My prescribed regimen includes hospital-administered infusions every 4 weeks for 3 months, followed by home dosing via patented (ugh) “on-body injector” device every 8 weeks. Assuming 8 doses in 2024 (I got my first infusion January 5), at the 2023 price of $19,734.61 per dose, my insurance will be paying $167,876.88. I hope they’ve negotiated a better price; assuming a generous 50% discount the total would come to $78,938.44.
That is many times what I earn annually.
Now, I could try to earn more. Being a famous cancelled artist doesn’t pay much, but I have low expenses; for the last several years I have qualified for Medicaid, which, in Illinois, is by far the best insurance I have ever had. If I earned more, I would lose my Medicaid, have to shell out for private insurance premiums and deductibles, and get stuck with hefty co-pays on my absurdly expensive Crohn’s treatments. I would lose money; I can’t afford to earn more.
“Working for a living” is often called “reality.” I work for a living, modest as it is. But do I really? What’s going to ensure I keep living (if it works) is a drug that costs about $150,000 a year, every year, forever. So I am now a big net drain on the economy, and in light of this my earnings feel ridiculously performative: “Income Theater.”
I will continue to “earn” (LOL) so I can have things like clothes and food and bike parts, electricity and water and heat and garbage collection, art supplies and maybe (maybe!) even occasional travel. Medicaid doesn’t pay for those. I’m pretty sure qualifying for Medicaid means I also qualify for SNAP (aka food stamps), which I’ve never applied for. I have some pride; I can afford food, if not health insurance. But food is getting more expensive, and pride seems absurd now that the State is paying nearly ten times my annual income on a drug friends tell me is advertised on television (no wonder it costs so much! Spots on SNL aren’t cheap).
I could also claim Crohn’s as a disability, which would give me a tax credit. Nice!

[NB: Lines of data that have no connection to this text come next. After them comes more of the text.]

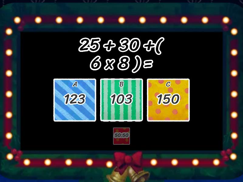 1) 25 + 30 +( 6 x 8 ) = a) 123 b) 103 c) 150 2) 12:4 + 5 x 8 = a) 49 b) 43 c) 30 3) 40 + 20 + 25 : 5 - 6 x 3 a) 56 b) 120 c) 47 4) ( 56 + 14) - 15 : 3 = a) 65 b) 56 c) 98 5) 48 : 6 + 10 x 5 = a) 46 b) 58 c) 72 6) 54 - 14 + 20 : 5 + 4 x 6 = a) 123 b) 52 c) 68 7) ( 5 x 8 ) + 21 : 7 + ( 25 - 8 )= a) 23 b) 48 c) 60 8) 400 es igual a a) 500 - 100 b) 400 + 200 c) 100 - 50 9) ¿Cuánto le debo sumar a 17 para obtener 25? a) 6 b) 7 c) 8 10) ¿Cuánto le debo quitar a 30 para obtener 20? a) 5 b) 8 c) 10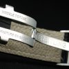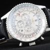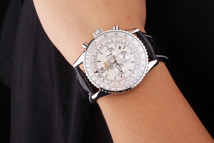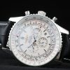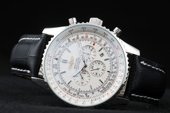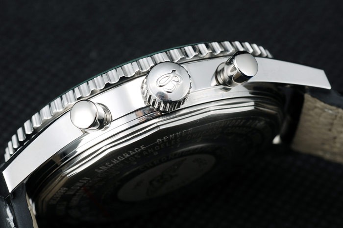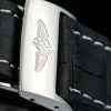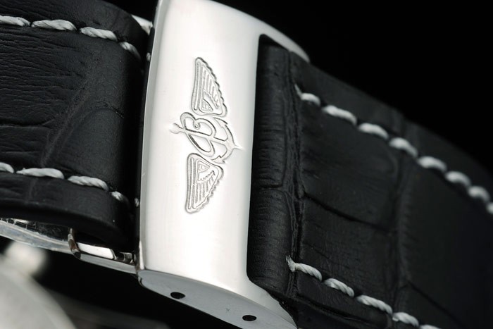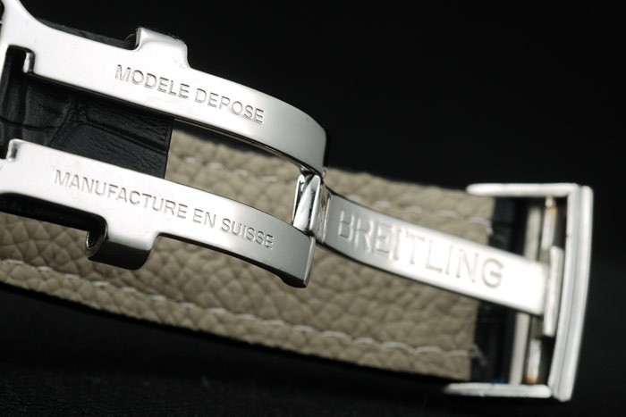Bracelet: Black crocodile leather strap with patent white stitching and heat embossed Breitling Replica engravings and engraved stainless steel fold in clasp with Breitling Replica logo on top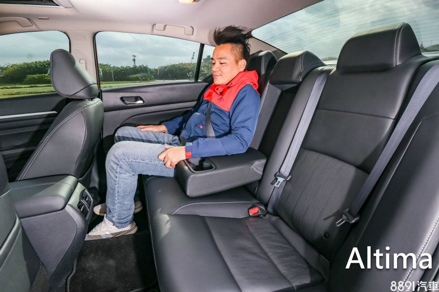 Altima後座椅同樣延續寬大、舒適的設定,椅背角度也相當適切,讓人有種放鬆、彷彿置身沙發的錯覺,舒適度相當理想。然而Altima後座頭枕為一體式不可分離,頭枕高度也稍嫌不足,若是身材較高大的乘客無法有效支撐頭部,算是小缺點。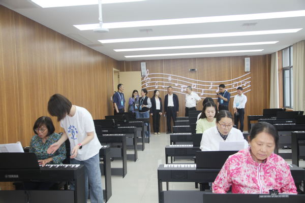 随后,代表们参观考察了学校打造的终身学习智慧教室,先后走进悦享空间、茶艺教室、多功能教室、绘画教室、书法教室、声乐教室、舞蹈教室、乐器教室、走秀教室、电钢琴教室等多个功能教室。在茶艺教室,大家沉浸式体验了线上线下同步开展的茶艺与茶席设计;在电钢琴教室,代表们欣赏到教师才艺展示的同时,还能亲自上手体验;在书法教室,有人挥毫泼墨,为学校送上贺词;声乐教室里,传出悠扬歌声。多样的教学活动让代表们充分了解智慧教室带来的创新教学模式,体会老年教育的丰富内涵与活力。

I must say I am now treated better by the local hospital system than ever before in my life. My appointments are scheduled swiftly; I have a responsive Nurse Practitioner overseeing my treatment, plus a “nurse navigator” to help with odds and ends, plus a “nurse ambassador” from AbbVie Pharmaceuticals, in case there’s any problem with home delivery of my medication in the future, or if I use the device incorrectly. In the past, the local hospital has been absolute shit to me. But now I’m a $150,000-a-year income stream, and doors open everywhere.
If my symptoms improve, I will continue taking Skyrizi for the rest of my life or until it “poops out.” Biologic drug efficacy can last a few years, or over a decade, by which time some new expensive treatment will be on the IBD scene, or society will have collapsed.